WARNING:docling_core.types.doc.document:Parameter `strict_text` has been deprecated and will be ignored.
Number of nodes: 23
Number of edges: 7
2025-04-23 21:33:52.828 python3[73966:691115] The class 'NSSavePanel' overrides the method identifier. This method is implemented by class 'NSWindow'
Nodes: [('Paris', {'label': 'GPE'}), ('France', {'label': 'GPE'}), ('Eiffel Tower', {'label': 'FAC'}), ('Gustave Eiffel', {'label': 'PERSON'}), ('Marie Curie', {'label': 'PERSON'}), ('the Radium Institute', {'label': 'FAC'}), ('Seine River', {'label': 'LOC'}), ('## Explanation', {'label': 'MONEY'}), ('Radium Institute', {'label': 'ORG'}), ('the Eiffel Tower', {'label': 'LOC'}), ('The Eiffel Tower', {'label': 'LOC'}), ('city', {}), ('renowned', {}), ('It', {}), ('destination', {}), ('Explanation', {}), ('entities', {}), ('this', {}), ('suitable', {}), ('Curie', {}), ('scientist', {}), ('contributions', {}), ('graph', {})]

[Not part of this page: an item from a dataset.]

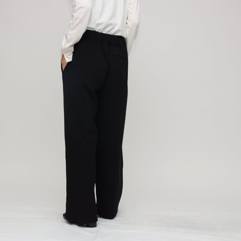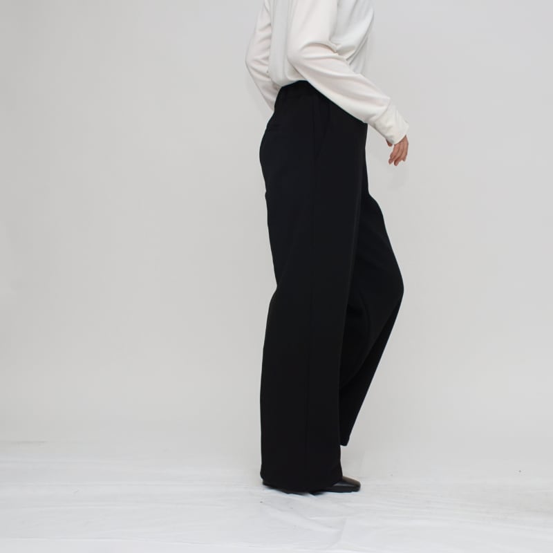 【パーフェクトパンツ】梨地×裏起毛 美脚セミワイドパンツ - LER-25129 ブラック ‐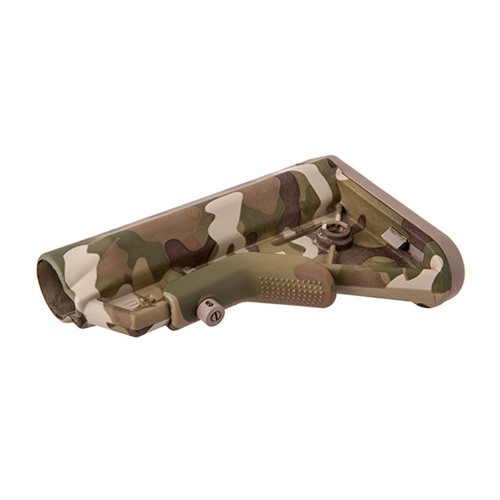 Le linee fluide resistono all'aggancio su abbigliamento, attrezzature o vegetazione, facilitando operazioni sicure e furtive. Il gancio per il calcio Sure-Grip garantisce un aggiustamento della lunghezza del calcio conveniente e intuitivo, mentre il pad di riciclo in gomma antiscivolo fissa l'arma alla spalla dell'operatore. Presenta un attacco QD in acciaio inossidabile nero e due slot per slitta da 1¼" modellati.

Edges: [('city', 'renowned', {'relation': 'be'}), ('It', 'destination', {'relation': 'be'}), ('Explanation', 'entities', {'relation': 'contain'}), ('entities', 'graph', {'relation': 'represent'}), ('this', 'suitable', {'relation': 'be'}), ('Curie', 'scientist', {'relation': 'be'}), ('Curie', 'contributions', {'relation': 'make'})]
Et voilà !
Conclusion
In conclusion, the effective utilization of Docling in document extraction streamlines the creation of knowledge graphs by simplifying the identification of key entities and relationships from complex documents, thereby enhancing accuracy and efficiency.